I think most authors cringe when these blow-ups with authors commenting on negative reviews happen. I know I cringe!! No author should do that, and those kerfluffles make us all look like jerks.
As for commenting on positive reviews, that is so tricky. Part of me says, the reviewer took the time to read and write about my book--shouldn't I thank her? But then I think, if she didn't go out of her way to alert me to the review, maybe she doesn't want me to comment. And what if one of her blog readers wants to disagree with her positive review? Will the presence of my author comment chill the discussion? I don't want to chill discussion!
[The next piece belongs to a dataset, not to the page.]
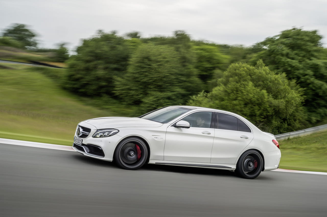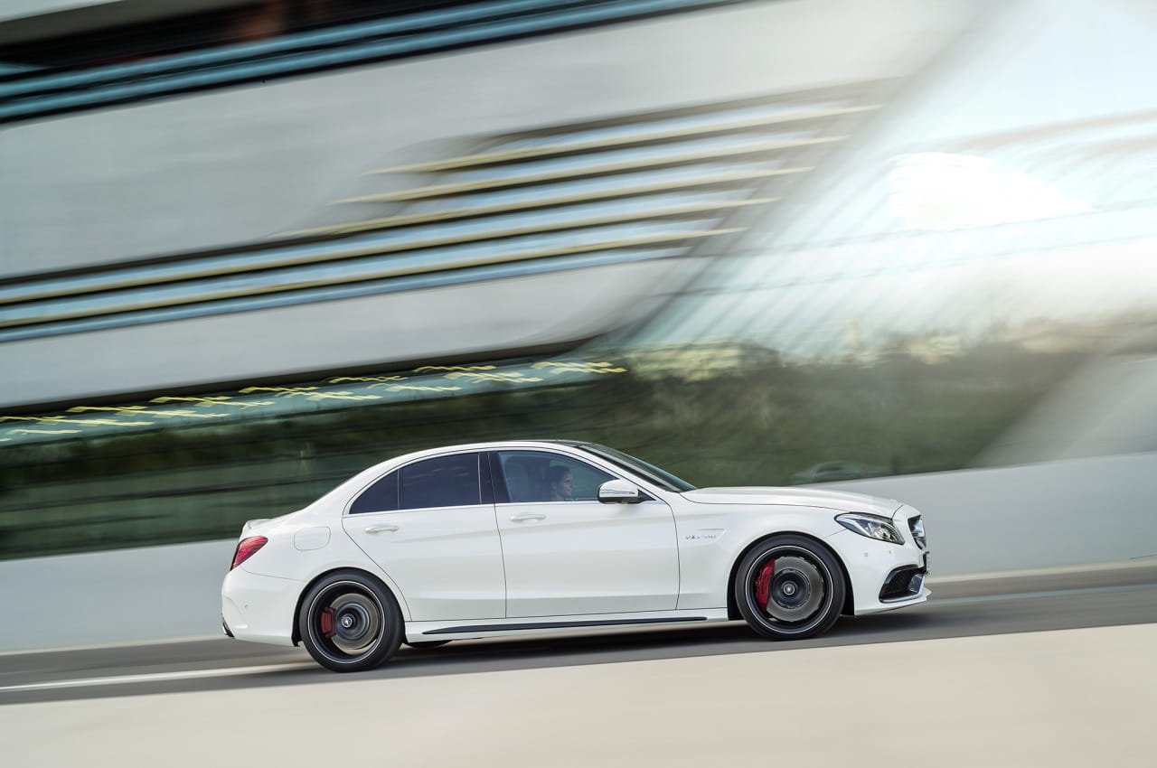 No se ha anunciado la posibilidad de un Mercedes-AMG C 63 con tracción a las cuatro ruedas. Únicamente estará disponible con un cambio deportivo de doble embrague, el AMG SPEECSHIFT MC 7, con levas de aluminio en el volante. Toda la gama Mercedes-AMG C 63 contará con una velocidad punta, limitada electrónicamente, de 250 km/h.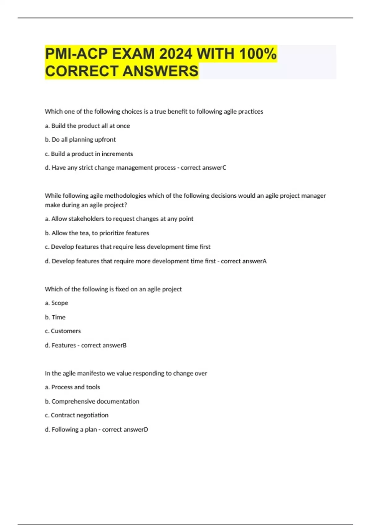 Which one of the following choices is a true benefit to following agile practices a. Build the product all at once b. Do all planning upfront c. Build a product in increments d. Have any strict change management process - correct answerC While following agile methodologies which of the following decisions would an agile project manager make during an agile project? a. Allow stakeholders to request changes at any point b. Allow the tea, to prioritize features c. Develop features that require less development time first d. Develop features that require more development time first - correct answerA Which of the following is fixed on an agile project a. Scope b. Time c. Customers d. Features - correct answerB In the agile manifesto we value responding to change over a. Process and tools b. Comprehensive documentation c. Contract negotiation d. Following a plan - correct answerD

That's the stuff that runs through my mind, and why I tend to not even visit or read reviews unless somebody sends or tweets a link, and even then, I will never comment right on the review. I think the bottom line (and most authors get this) is that free and unhampered discussion of books, whether positive or negative, is a good thing for readers. And what's good for readers is good for writers.
Generally, I'd say no. The only exception would be to thank the reviewer for taking the time to review your book. In other cases, just be aware that people may find your input off-putting, if the review is neutral or not flattering and you're trying to "correct" the reviewer. Even if the review contains factual errors, you can still end up looking defensive.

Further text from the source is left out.